Rather than wait for the FDA to send pre-notices and notices, the NIH could use its own list of FDAAA 801 problems to identify noncompliant trials and send reminders to the responsible parties, the researchers said.

Additionally, if a responsible party is an NIH grantee, the NIH could also warn them that future grant funds may be withheld until the trial comes into compliance.

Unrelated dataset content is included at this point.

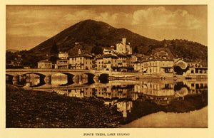 This is an original 1925 sepia Rotogravure of Ponte Tresa in the Lugano district in Switzerland. Seen is Lake Lugano, which borders both Switzerland and Italy. The building on the far right is called, "Caffe Crivelli," based on the sign on its exterior.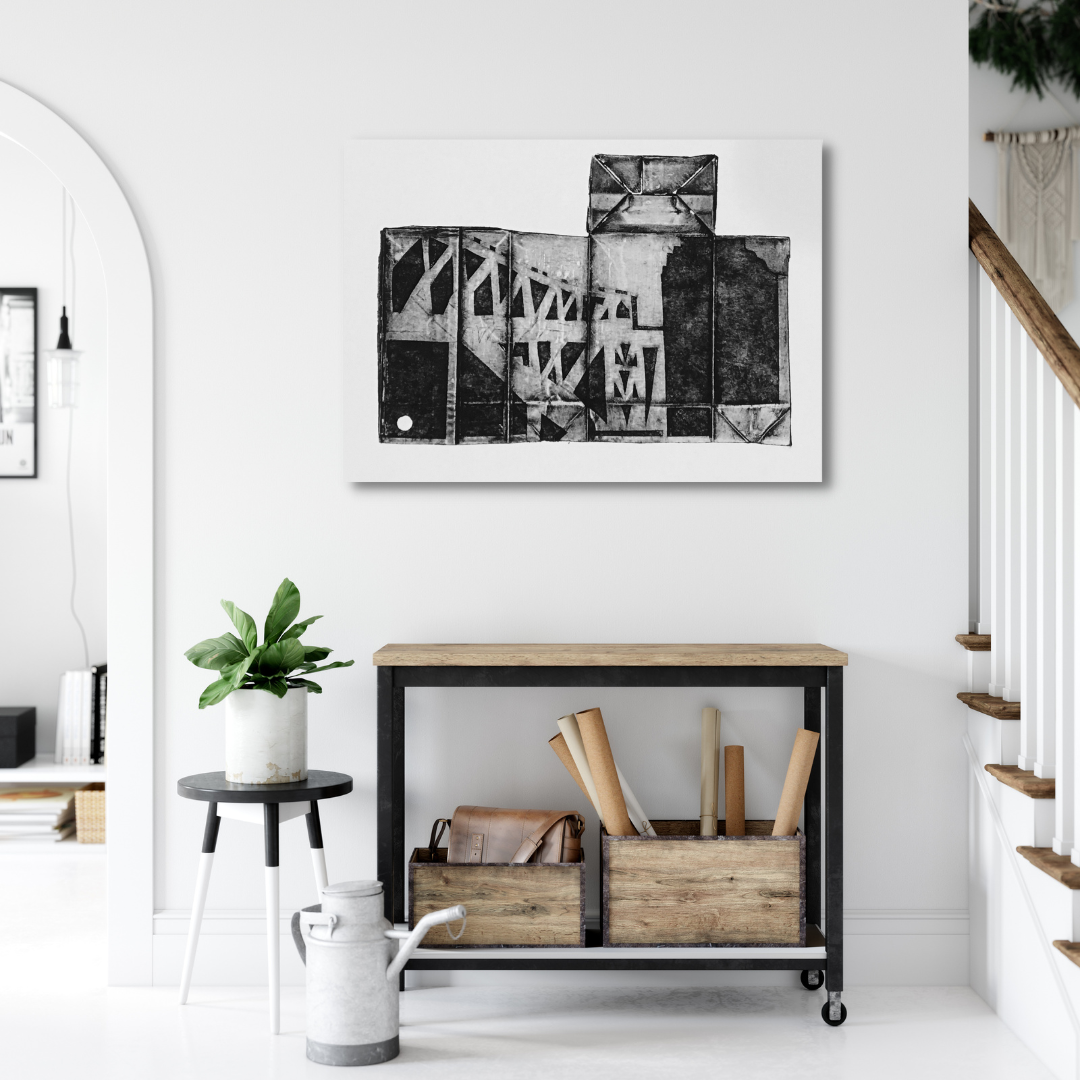 A collagraph print celebrating 90 + years of the sturdy structure of the Harbour Bridge. By using the contrasting soft material of a recycled drink carton to form the print plate, flimsy unpredictable folds and unexpected seams give the print a unique whimsical feel.

The researchers suggested that the FDA send more pre-notices, adding, “The FDA has yet to send Pre-Notices (or Notices) to thousands of responsible parties that have not reported results, including government sponsors such as the NIH.”

In lieu of relying on inconsistent on-site inspection investigations and third-party complaints to identify noncompliant trials, the researchers suggest that the FDA instead use a continually updated list of FDAAA 801 problems maintained by the NIH to quickly identify potential noncompliant trials and issue pre-notices as appropriate.

The FDA could also get more compliance by publicizing all pre-notices it issues, as opposed to sharing them only with the responsible parties. “Such transparency would improve public accountability and encourage prompt submission of missing information,” the researchers wrote.

Also, the pre-notices could show more teeth. The researchers suggest that the FDA include clear timelines for further enforcement actions if results remain unreported. Currently, pre-notices don’t say anything about when any enforcement actions will take place.

The researchers anticipate that the FDA’s response to these suggestions will be that they don’t have the necessary staff — to which the researchers suggest taking a risk-based approach to identifying where the enforcement efforts should be rather than not enforcing anything at all.

The FDA did not respond to a request for comment by press time.